Lo que no quiere decir que Rockstar renuncie a forzar la máquina. Ésta es una frase seguramente repetida hasta la náusea, pero la Liberty City en que se ambienta GTA IV es una de las creaciones más impresionantes que hayamos visto hasta ahora en un videojuego. Y ésta sí que es una verdad objetiva (un gallifante para quien pille el chiste). No se trata sólo del tamaño, que llega a ser abrumador, del impresionante trabajo con la iluminación (el skyline de la ciudad presenta decenas de matices dependiendo de la hora del día, el agua sobre el pavimento devuelve múltiples reflejos...), o del cuidado puesto en la expresividad de los cambios climáticos, que pueden no ser los más espectacularmente realistas del medio, pero que realmente consiguen que el tono del juego cambie notablemente (cada vez que comienza a llover y tronar en GTA IV, con un Niko Bellic sacudiéndose el agua de la ropa y los transeúntes sacando sus paraguas o corriendo a protegerse de la lluvia, quien suscribe siente un extraño escalofrío otoñal en el cuerpo). Es que, tecnológicamente, es una creación tan ambiciosa, tan inconscientemente suicida, que ver cómo realmente funciona casi sin mácula es sobrecogedor. No hay cargas visibles al desplazarse de una parte del mapa a otra (y a esto se referían en Rockstar con la ausencia de pantallas de carga, porque entre secuencias y misiones sí las hay, vaya) y la cantidad de objetos y elementos en pantalla es sencillamente apabullante. Entre la ingente cantidad de peatones diferentes -creados a partir de, literalmente, cientos de personas reales (a los créditos me remito) para asegurar la no repetición de modelos-, el número de vehículos, y los objetos con los que interactuar en el escenario (farolas, buzones, cabinas, cada parte de cada vehículo, basura en el suelo, etc.), lo que llega a gestionar el motor de GTA IV es algo casi impensable. Y lo hace muy eficientemente. Pese al ocasional popping, el evidente aliasing en algunos renderizados, la bajada de resolución en objetos lejanos tal vez demasiado evidente en momentos de iluminación clara, y otras fallas gráficas (algo menores en la versión de PS3, aunque ésta presente, sorprendentemente, colores más apagados que la de 360...), el resultado final no deja de ser espectacular y sobrecogedor. Por lo bello, por lo ambicioso, por lo condenadamente vivo.

A lo cual ayuda el uso del motor Euphoria que tanto se ha comentado.

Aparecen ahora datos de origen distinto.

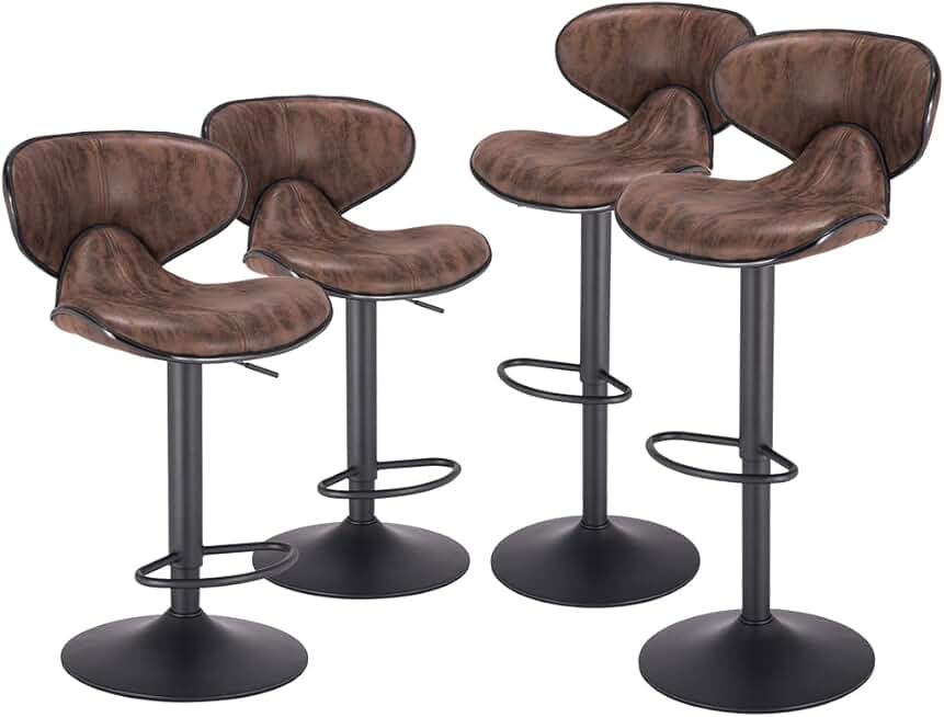 Modern Home Kappa Vintage Contemporary Faux Leather Adjustable Height Barstool - 21" - 32" Variable Height Bar/Counter Chair - Black Base and Gas Lift (Brown, 4)

Aunque no es sólo importante en este aspecto, el movimiento natural que este motor propicia, creando anatomías complejas de personajes teniendo en cuenta la musculatura y el sistema nervioso, consigue que la vida alrededor de nuestro personaje resulte particularmente realista, tanto en los momentos de calma (con gente siguiendo sus rutinas, bebiendo café mientras andan, leyendo el periódico, buscando monedas con la mano, tapándose de la lluvia con maletines...) como en los de destrucción más propios de la serie: cuerpos bamboleantes al ser arrastrados por un coche, sacudidos como peleles ante la onda expansiva de una granada o, en los momentos puntuales más espectaculares, atravesando el parabrisas del coche en choques especialmente contundentes.

Ésta es la ciudad a la que llega Niko Bellic, un serbio veterano de la guerra de los Balcanes, roto por los horrores vividos, con dos motivos para visitar y quedarse en Liberty City: las fantasías sobre el sueño americano de su primo Roman, y la búsqueda de un par de personas de su traumático pasado. Y Niko, como veremos, además del mejor personaje hasta hoy de la serie, es el representante del cambio más notable de GTA IV.